SD2 superintendent candidate looks to return to Billings

2012-05-09T21:00:00Z 2012-05-11T15:15:14Z SD2 superintendent candidate looks to return to BillingsBy ROB ROGERS rrogers@billingsgazette.com The Billings Gazette

With a solid mixture of energy and confidence, Doug Reisig, the third superintendent candidate to interview with the School District 2 board, made a strong case for himself as the next leader of Billings schools.

"I know there are challenges here," he said.

But those challenges are opportunities to improve SD2, he said. The district has had a tradition of welcoming all students and making them feel like they have a place in the world. That was his experience as a student here, he said.

"I want those Billings kids to feel the way I felt going to Billings public schools," he said.

Reisig, superintendent of the Hellgate Elementary School District outside of Missoula, was born and raised in Billings and graduated from West High. His mother still lives in town, and he and his wife travel here from Missoula regularly.

Noting that the community had expressed a desire to have a superintendent who knows the Montana way, Reisig said he wasn't sure what is the Montana way but said he understands the Billings way.

"The Billings way is you're honest, you're truthful with people," he said. "You're genuine, you're respectful to people."

Reisig stressed repeatedly in his interview the importance of keeping students first in district planning. Students have to know that staff and district officials are interested, engaged and invested in their success if they're going to achieve anything, he said.

"You don't have the right to dislike our kids on company time," he said.

He plans to start every day by visiting a school and greeting students if he's hired to lead School District 2, he said.

Reisig also stressed multiple times the importance of working with the community and building trust. Right now, he said, SD2 needs the community. But the community also needs the school district, he told the board.

Sue Meredith, principal at Fred Moodry Middle School in Anaconda, where Reisig was superintendent of Anaconda School District No. 10 before he took over at Hellgate in 2000, said Reisig has always put student needs first.

"He was very child-centered," she said.

Meredith was a teacher first under Reisig and then became a principal in the district. As such, she has observed his leadership in both realms.

"He was fantastic to work with in both areas," she said.

He's a respected leader in Hellgate, said Scott McKenzie, president of the teachers union there. He may not always be well liked by everyone, McKenzie said, but staff trust and respect his judgement.

"He lays out a clear plan of what he wants," he said.  

Some may not like that plan, but most will follow, McKenzie said.

Hellgate and Anaconda are small districts. Hellgate is an elementary school district with only three schools. SD2 has 34 schools, a sizable homeless student population and a large percentage of students living near or under the federal poverty line.

Still, Meredith and McKenzie expressed confidence that Reisig could make the jump.

"There's going to be a learning curve for anyone" coming to SD2, Meredith said.

What will aid Reisig is his ability to connect with people and communicate his vision.

"He has such good communication skills it won't matter," Meredith said.

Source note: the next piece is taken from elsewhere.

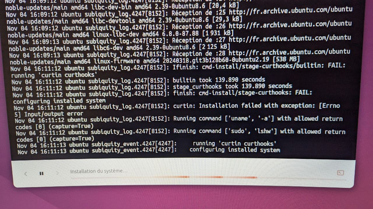 Là je retente le coup et je regarde le terminal , au début tout va bien puis ca tourne dans le vide ... et je vois que visiblement l'insaller ne peut se connecter à http://fr.archive.ubuntu.com alors que au début de l'installation pas de soucis.
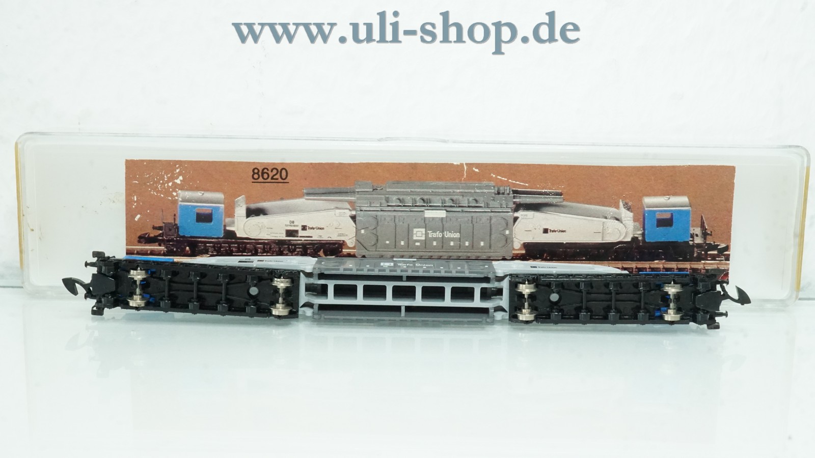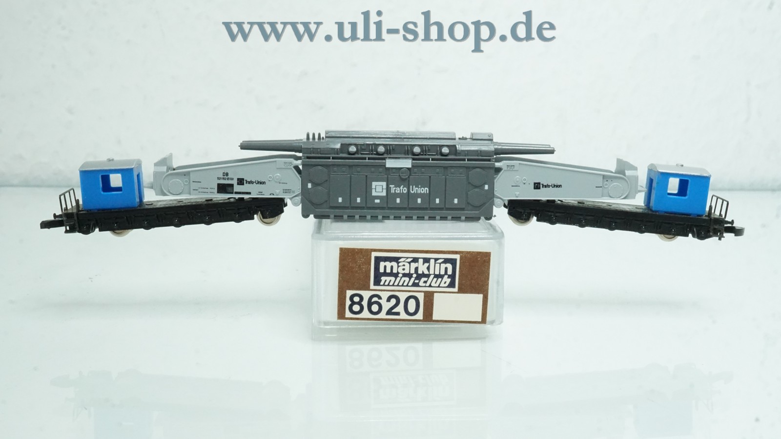 Märklin mini-club Z Güterwagen mit der Artikelnummer 8620 Trafowagen. Der Artikel ist für den Betrieb mit Gleichstrom vorgesehen. Die Originalverpackung ist vorhanden.

Robin Hall, a trustee on the Hellgate board, said Reisig has been an outstanding superintendent.

"I don't want to see him go," she said with a laugh.

Reisig was instrumental in passing a multimillion-dollar bond for Hellgate to expand its buildings a few years ago, she said. And he's deftly kept the district in the black.

"I can't imagine anyone better than Doug at understanding the school budget system," she said.

During the interview Wednesday night, Trustee Connie Wardell made the point that small rural school districts in Montana get the state money they need and the big AA districts don't.

"You are funded adequately, we are not," Wardell told him.

Reisig acknowledged that and told her whether in a big school district or a small one, "Montana is still Montana and people are people."

He said he'd advocate for SD2 both in the community and at the state level to get it the money it needs.

Reisig has never applied to another school district during his 12 years in Hellgate. But as he watched from afar the struggles SD2 has faced over the past few years, he decided now is the time to sign up.

"Billing holds a special place in my heart," he said. "That's why I applied."